H-460 cells were added to 96-well plates at 3.33 × 10⁴ cells/mL of Roswell Park Memorial Institute (RPMI) 1640 medium with 10% fetal bovine serum (FBS) and 1% Penicillin/Streptomycin. The cells, in a volume of 180 μL per well, were incubated overnight (37°C, 5% CO₂) to allow recovery before treatment with test compounds. Compounds were dissolved in DMSO to a stock concentration of 10 mg/mL. Working solutions of the compounds were made in RPMI 1640 medium without FBS, with a volume of 20 μL added to each well to give a final compound concentration of either 30 or 3 μg/mL. An equal volume of RPMI 1640 medium without FBS was added to wells designated as negative controls for each plate.
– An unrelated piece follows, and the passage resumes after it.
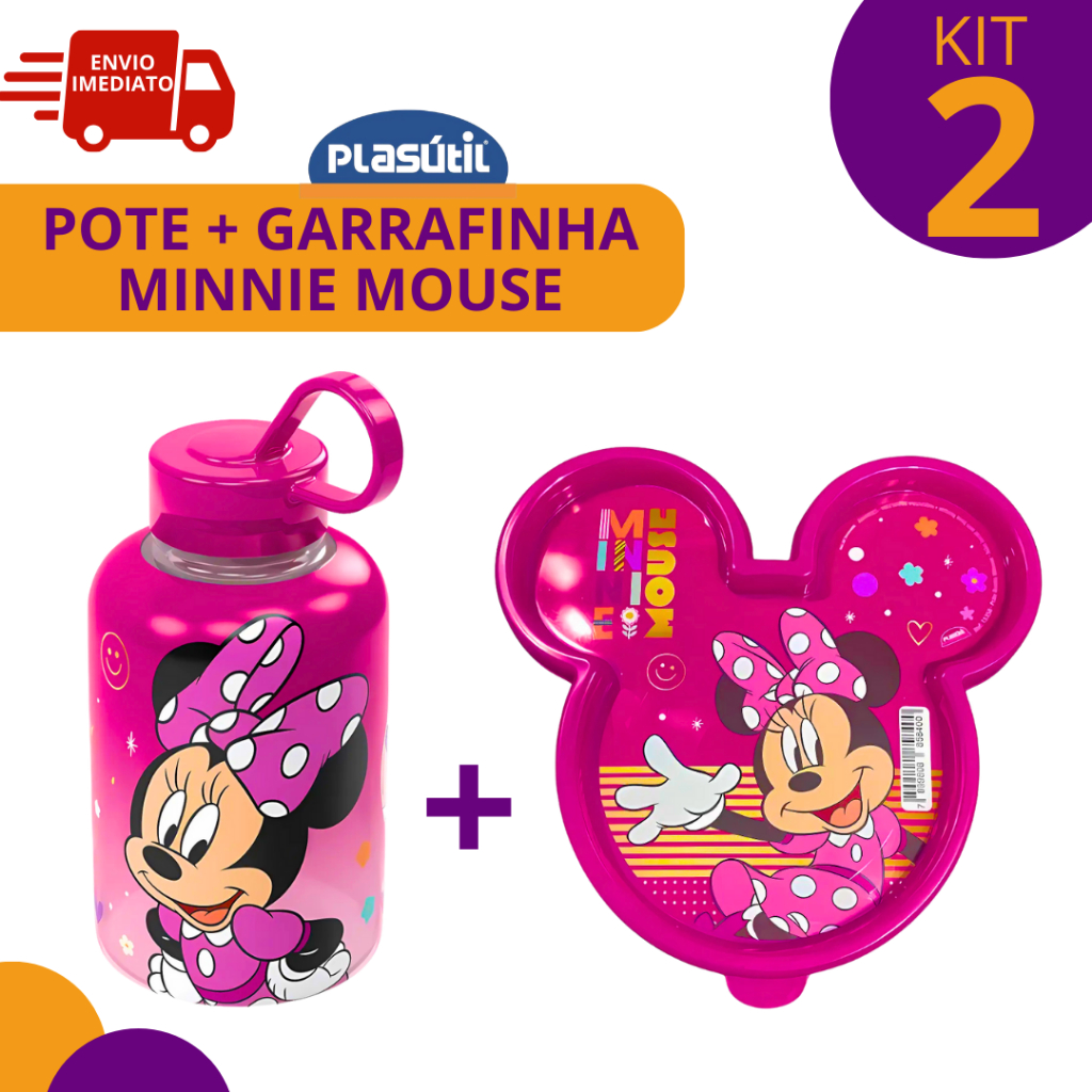 Kit Pote Marmita Rosto Minnie Rosa e Garrafa Com Alça 120ML Plasútil – A Lancheira Perfeita para o Volta às Aulas!

Plates were incubated for approximately 48 h before staining with MTT. Using a ThermoElectron Multiskan Ascent plate reader, plates were read at 570 and 630 nm. Concentration response graphs were generated using GraphPad Prism (GraphPad Software Inc., San Diego, CA).